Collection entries

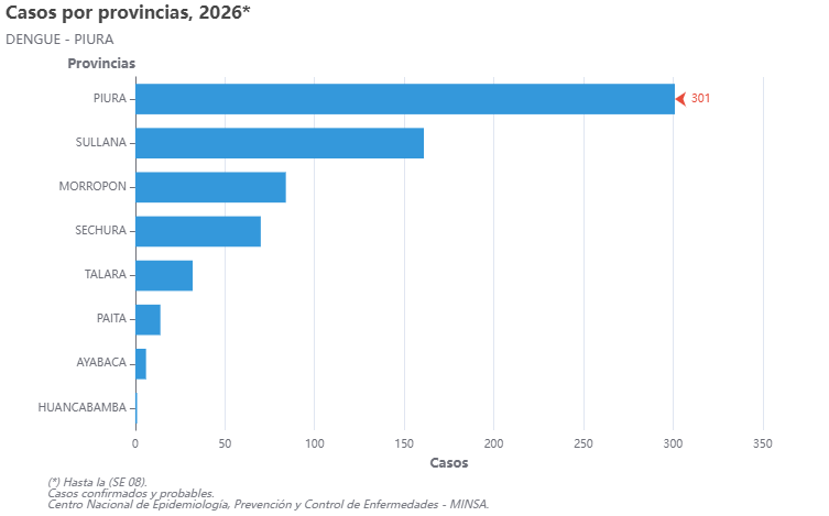 A nivel provincial, Piura concentra el mayor número de casos con 301, seguida de Sullana con 161, Morropón con 84, Sechura con 70, Talara con 32, Paita con 14, Ayabaca con 6 y Huancabamba con 1 caso.
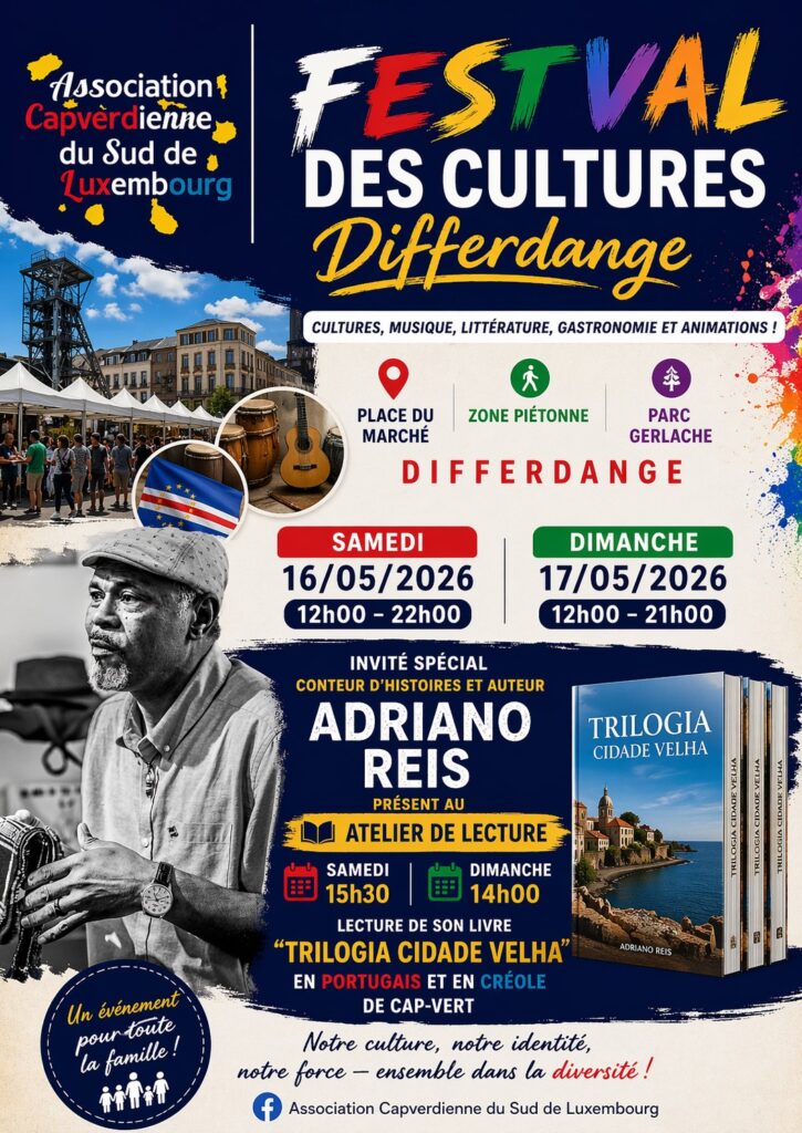 Le dimanche 17 mai prolonge cette dynamique. À 13h, le chanteur Plácido Vaz monte sur la grande scène. À 14h, Adriano Reis revient pour un atelier autour de sa trilogie. Puis à 15h30, Melissa Borges anime une nouvelle lecture, cette fois pour les enfants de 6 à 8 ans, avec le livre « Lauryn that’s me », en luxembourgeois. Ce week-end est une belle occasion de découvrir la richesse de la culture de Cabo Verde, dans une ambiance multiculturelle conviviale et ouverte.
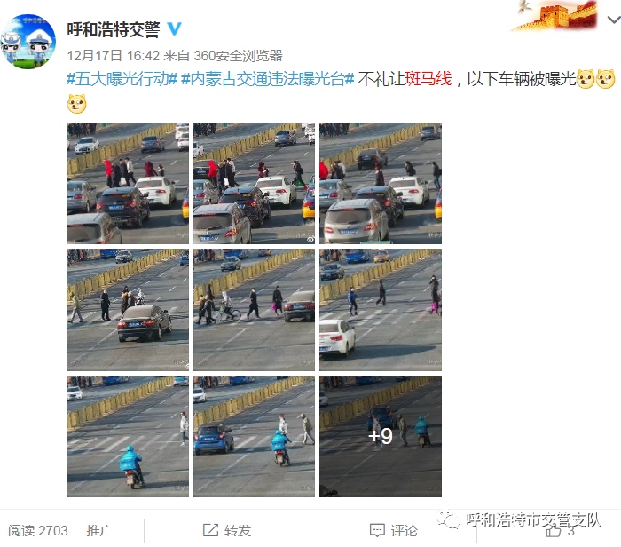 為實現(xiàn)斑馬線交通安全“三提升一下降”(機動車禮讓斑馬線和行人、非機動車守法意識明顯提升,輿論宣傳倡導(dǎo)“機動車禮讓斑馬線”的深度與廣度不斷提升,群眾對城市交通管理的滿意度顯著提升;因不禮讓斑馬線導(dǎo)致人員傷亡的交通事故發(fā)案率大幅下降)的目標(biāo),按照交管支隊關(guān)于開展集中整治機動車不禮讓斑馬線行動方案的統(tǒng)一部署,支隊指揮中心運用高科技手段,利用高清視頻探頭抓拍機動車不禮讓斑馬線等交通違法行為,并錄入道路交通管理綜合應(yīng)用平臺。自2020年12月12日至12月31日,利用大屏監(jiān)控設(shè)備抓拍260條,錄入系統(tǒng)并予以曝光。
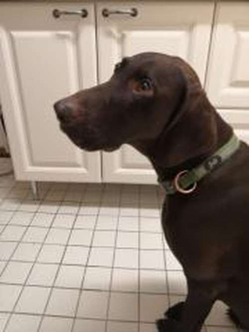 Ruskea iso koira Mikkelintieltä Savitaipaleen liittymän kohdilta n. klo 22:00. Kiltti luonteinen. Lyhytkarvainen. Lintukoiratyyppinen. Vihreä panta.
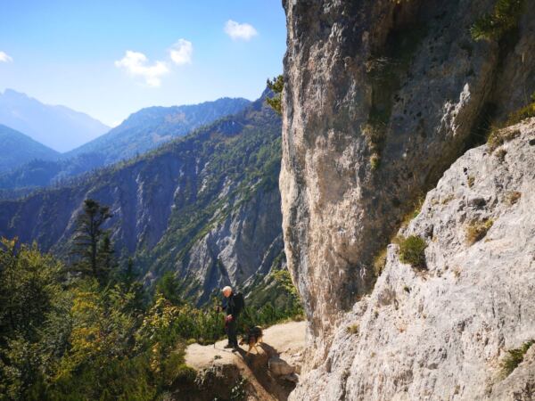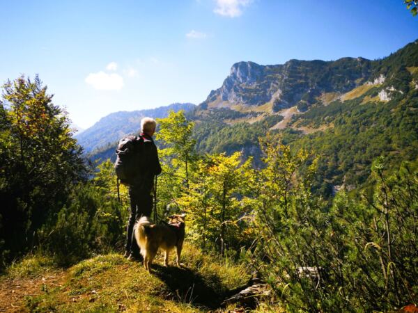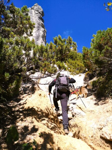 Zwischen Hexen-Busen und -Nase folgen wir dem Bergsteig bergab Richtung Steinerne Agnes. Der Weg liegt am Vormittag in der Sonne und bietet uns immer wieder großartige Blicke auf Watzmann und Hochkalter. In leichtem Auf und Ab wandern wir durch Latschen und Graspuschel. Unser Amos macht immer wieder große Sprünge über umgestürzte Bäume und Felsbrocken am Wegrand. Kleine Abenteuer, wie er sie liebt.
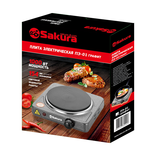 Мощность 1000Вт, 1 конфорка диаметром 154 мм, дисковый нагревательный элемент из высококачественного чугуна, плавная регулировка температуры, защита от перегрева, световой индикатор работы, прорезиненные ножки. Прочное антипригарное эмалевое покрытие корпуса, с которого легко удаляются загрязнения. Длина сетевого шнура – 0,9м. Срок службы прибора – 5 лет. Цвет – графит.
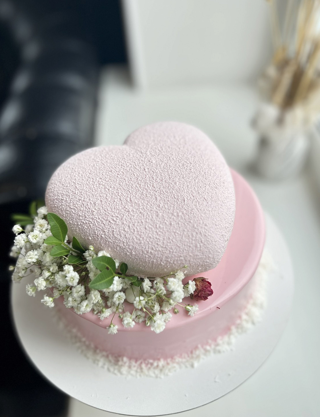 This cake is made with light cream mousse with the: a thin bisсuit layer as a base of the cake, a white chocolate and cream mousse, different fillings.
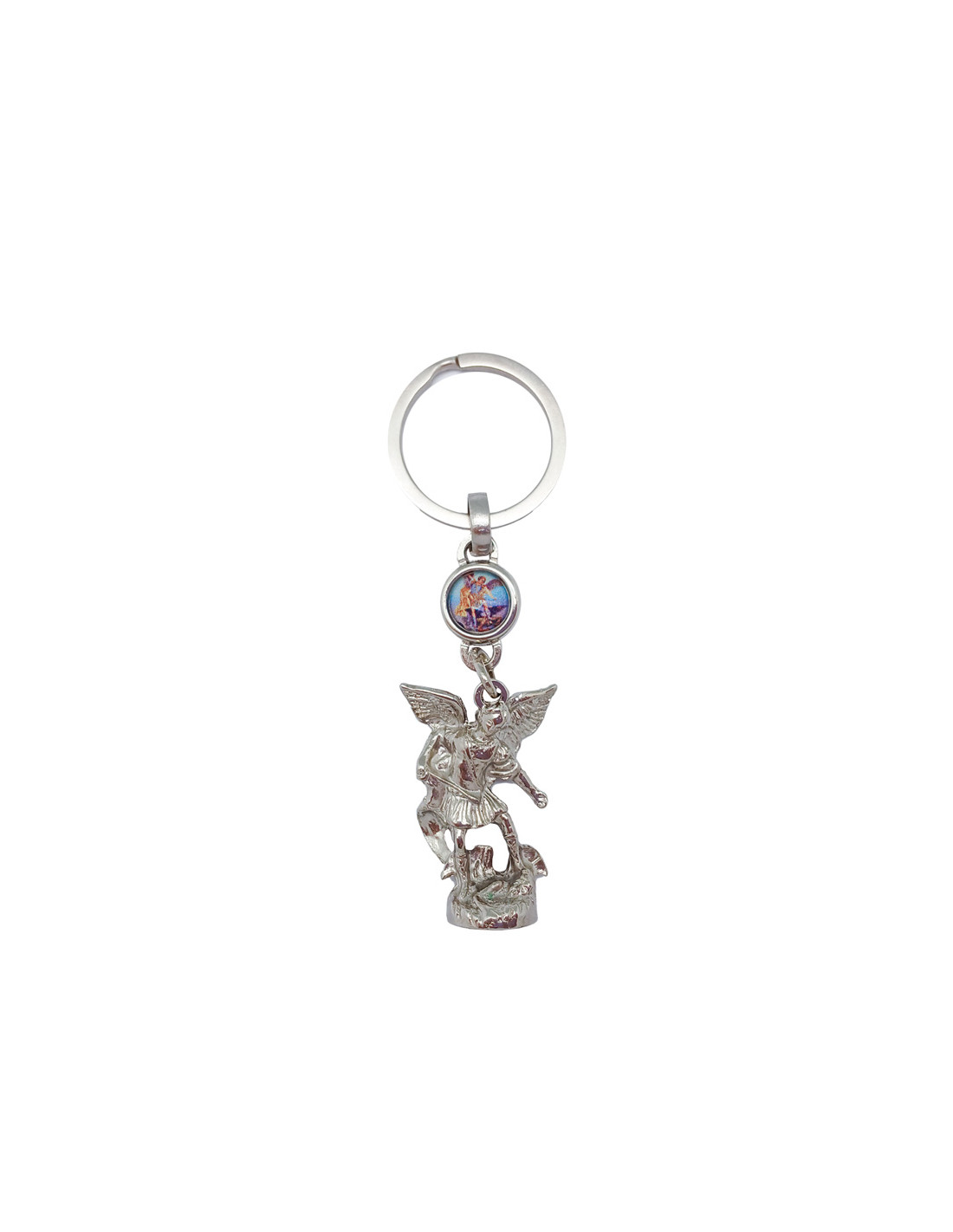 Llavero San Miguel Metal Figura Relieve Plateado
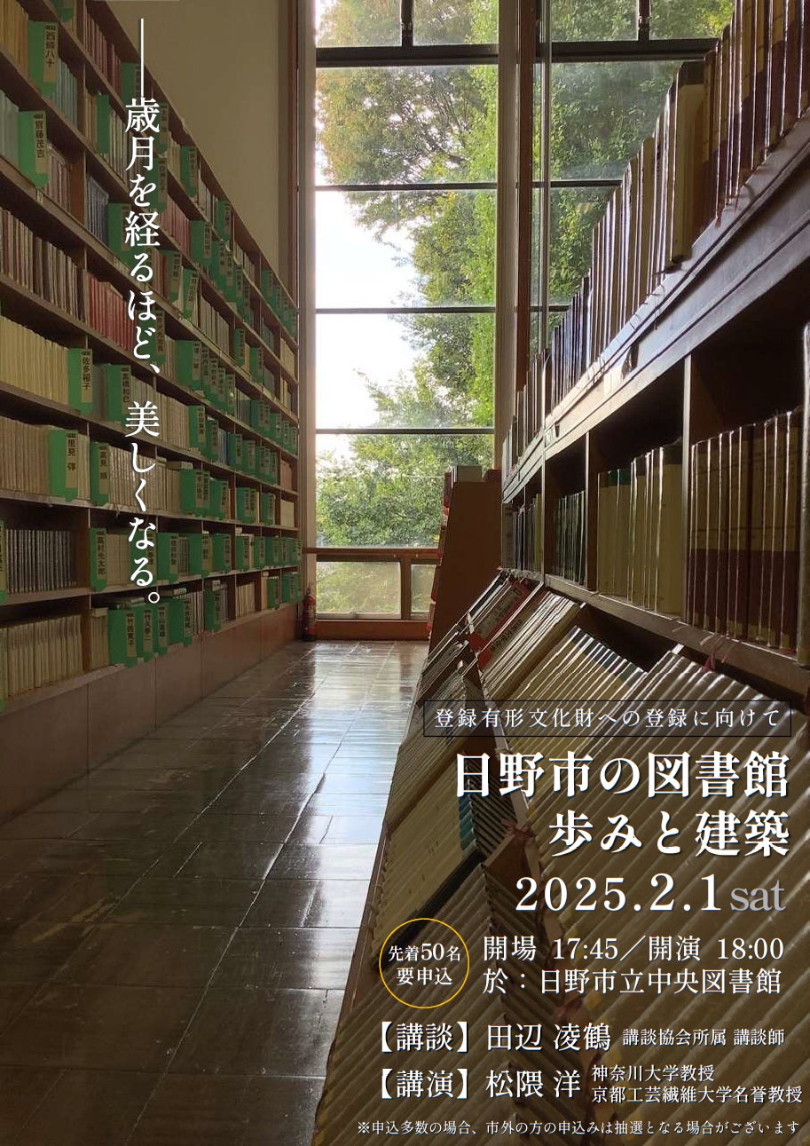 講演会「日野市の図書館 歩みと建築~登録有形文化財への登録に向けて~」を開催

> Goal of the exercise
A faithful copy of the records above, without images, is what to give back.

> Answer
 A nivel provincial, Piura concentra el mayor número de casos con 301, seguida de Sullana con 161, Morropón con 84, Sechura con 70, Talara con 32, Paita con 14, Ayabaca con 6 y Huancabamba con 1 caso.
 Le dimanche 17 mai prolonge cette dynamique. À 13h, le chanteur Plácido Vaz monte sur la grande scène. À 14h, Adriano Reis revient pour un atelier autour de sa trilogie. Puis à 15h30, Melissa Borges anime une nouvelle lecture, cette fois pour les enfants de 6 à 8 ans, avec le livre « Lauryn that’s me », en luxembourgeois. Ce week-end est une belle occasion de découvrir la richesse de la culture de Cabo Verde, dans une ambiance multiculturelle conviviale et ouverte.
 為實現(xiàn)斑馬線交通安全“三提升一下降”(機動車禮讓斑馬線和行人、非機動車守法意識明顯提升,輿論宣傳倡導(dǎo)“機動車禮讓斑馬線”的深度與廣度不斷提升,群眾對城市交通管理的滿意度顯著提升;因不禮讓斑馬線導(dǎo)致人員傷亡的交通事故發(fā)案率大幅下降)的目標(biāo),按照交管支隊關(guān)于開展集中整治機動車不禮讓斑馬線行動方案的統(tǒng)一部署,支隊指揮中心運用高科技手段,利用高清視頻探頭抓拍機動車不禮讓斑馬線等交通違法行為,并錄入道路交通管理綜合應(yīng)用平臺。自2020年12月12日至12月31日,利用大屏監(jiān)控設(shè)備抓拍260條,錄入系統(tǒng)并予以曝光。
 Ruskea iso koira Mikkelintieltä Savitaipaleen liittymän kohdilta n. klo 22:00. Kiltti luonteinen. Lyhytkarvainen. Lintukoiratyyppinen. Vihreä panta.
 Zwischen Hexen-Busen und -Nase folgen wir dem Bergsteig bergab Richtung Steinerne Agnes. Der Weg liegt am Vormittag in der Sonne und bietet uns immer wieder großartige Blicke auf Watzmann und Hochkalter. In leichtem Auf und Ab wandern wir durch Latschen und Graspuschel. Unser Amos macht immer wieder große Sprünge über umgestürzte Bäume und Felsbrocken am Wegrand. Kleine Abenteuer, wie er sie liebt.
 Мощность 1000Вт, 1 конфорка диаметром 154 мм, дисковый нагревательный элемент из высококачественного чугуна, плавная регулировка температуры, защита от перегрева, световой индикатор работы, прорезиненные ножки. Прочное антипригарное эмалевое покрытие корпуса, с которого легко удаляются загрязнения. Длина сетевого шнура – 0,9м. Срок службы прибора – 5 лет. Цвет – графит.
 This cake is made with light cream mousse with the: a thin bisсuit layer as a base of the cake, a white chocolate and cream mousse, different fillings.
 Llavero San Miguel Metal Figura Relieve Plateado
 講演会「日野市の図書館 歩みと建築~登録有形文化財への登録に向けて~」を開催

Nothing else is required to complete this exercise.